Here we separate the data from the target value and we split the data to train and test data (80 and 20 percent respectively)

In [37]:
scaler = StandardScaler()
scaler.fit(X_train)
X_train_scaled = scaler.transform(X_train)
X_test_scaled = scaler.transform(X_test)

We normalize the data with the StandardScaler in order to bring the data in the form of a Gaussian distribution with mean equal to zero and Variance equal to one.

## Step 5: Feature Engineering
Feature selection/feture engineering (as in new features)/data transformations.

In [38]:
from sklearn.decomposition import PCA
# feature extraction
pca = PCA(.95 , random_state=7)
pca.fit(X_train_scaled)
X_train_pcaed = pca.transform(X_train_scaled)
X_test_pcaed = pca.transform(X_test_scaled)
print sum(pca.explained_variance_)

3264524.53828


Here we use the PCA algorithm in order to reduce the number of features by combining highly corellated features. We asked the PCA algorithm to automatically select the minimum number of components needed in order to retain 95 percent of the variance of our data. The 95% was chosen after experimenting and concluded to be one of the best possible choices in order to achieve quite good results with the models later on as well as reduce the number of features at a satisfactory level.
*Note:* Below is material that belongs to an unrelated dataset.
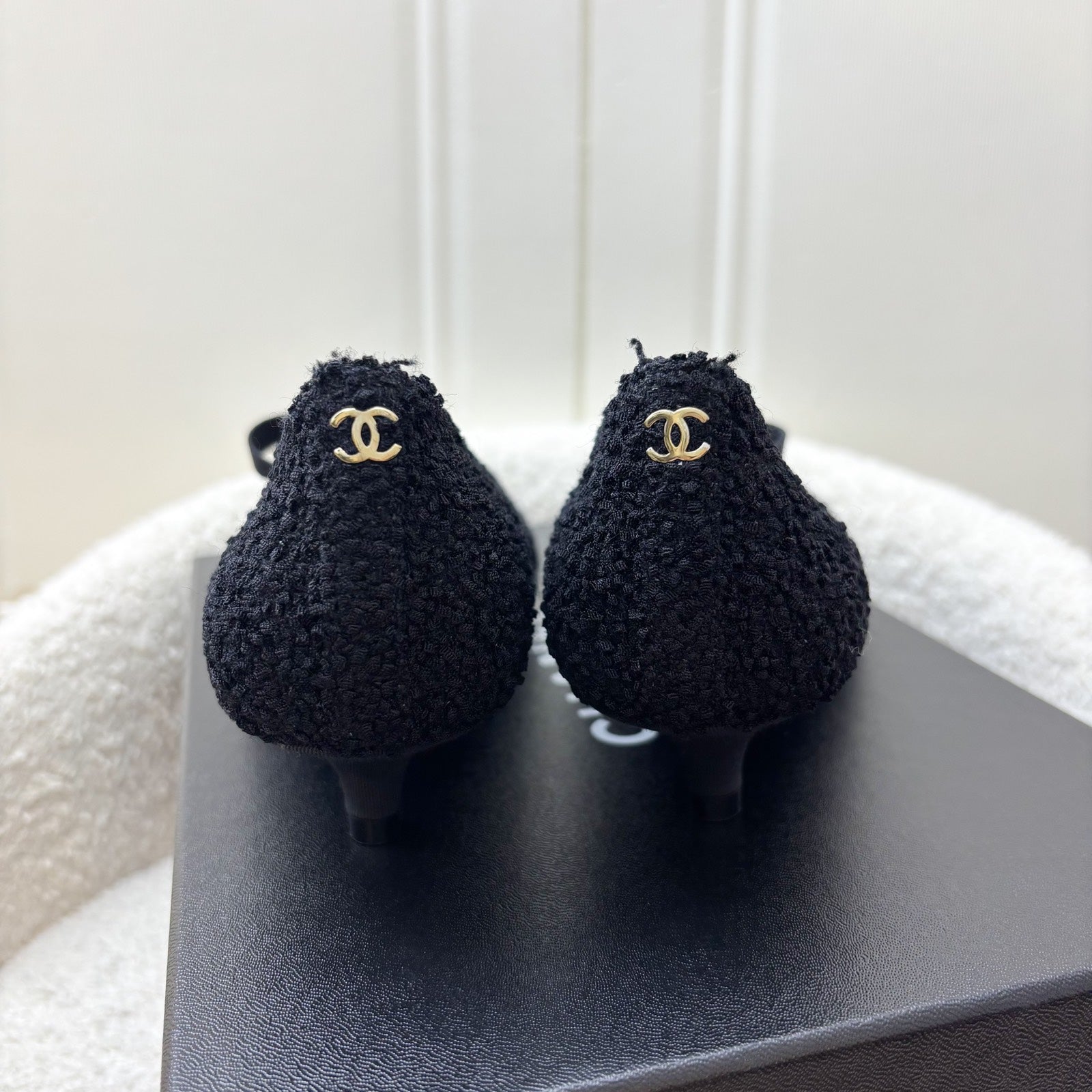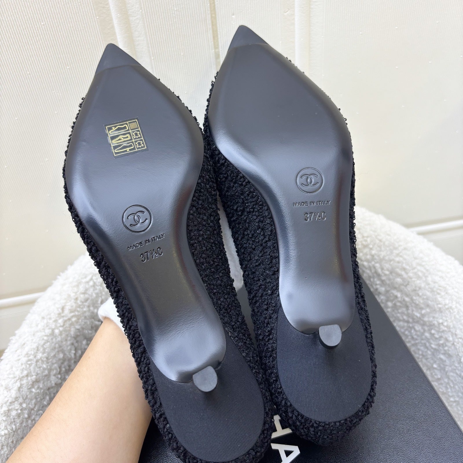 Chanel 24A Mary Janes in Black Tweed and Gosgrain Sz 37.5

## Step 6: Algorithm Selection
Select a set of algorithms to apply, select evaluation metrics, and evaluate/compare algorithms.

In [18]:
kfold = KFold(n_splits=10, random_state=7)

In [24]:
models = []
models.append(('LR',  LogisticRegression()))
models.append(('LDA', LinearDiscriminantAnalysis()))
models.append(('kNN', KNeighborsClassifier()))
models.append(('DT',  DecisionTreeClassifier()))
models.append(('NB',  GaussianNB()))
models.append(('SVM', SVC()))

In [25]:
# The scoring function to use
scoring = 'accuracy'

In [21]:
%%time
results = []
names   = []
for name, model in models:
    kfold = KFold(n_splits=10, random_state=7)
    cv_results = cross_val_score(model, X_train_pcaed[:10000], Y_train[:10000], cv=kfold, scoring=scoring, n_jobs=2)
    results.append(cv_results)
    names.append(name)
    print("%03s: %f (+/- %f)" % (name, cv_results.mean(), cv_results.std()))

 LR: 0.900900 (+/- 0.005485)




LDA: 0.865100 (+/- 0.004571)
kNN: 0.948200 (+/- 0.007139)
 DT: 0.749400 (+/- 0.010249)
 NB: 0.852000 (+/- 0.006971)
SVM: 0.112700 (+/- 0.004627)
CPU times: user 2.19 s, sys: 356 ms, total: 2.55 s
Wall time: 16min 34s


In [26]:
%%time
results = []
names   = []
for name, model in models:
    kfold = KFold(n_splits=10, random_state=7)
    cv_results = cross_val_score(model, X_train_pcaed[:10000], Y_train[:10000], cv=kfold, scoring=scoring, n_jobs=2)
    results.append(cv_results)
    names.append(name)
    print("%03s: %f (+/- %f)" % (name, cv_results.mean(), cv_results.std()))

 LR: 0.896600 (+/- 0.009728)




LDA: 0.861700 (+/- 0.004473)
kNN: 0.917200 (+/- 0.008807)
 DT: 0.740900 (+/- 0.006774)
 NB: 0.449100 (+/- 0.016513)
SVM: 0.932100 (+/- 0.007503)
CPU times: user 2.85 s, sys: 296 ms, total: 3.14 s
Wall time: 6min 13s


At this point we are doing a ten Kfold cross validation for each of our selected algorithms and print their average accuracy scores. This is a quite time consuming process so we had to use 10000 instances from our train set instead of the whole train set. The reason we chose 10000 instances was that it drasticaly reduced the runtime of our tests while it was still enough to have a good peek on how each algorithm would perform on our actual dataset.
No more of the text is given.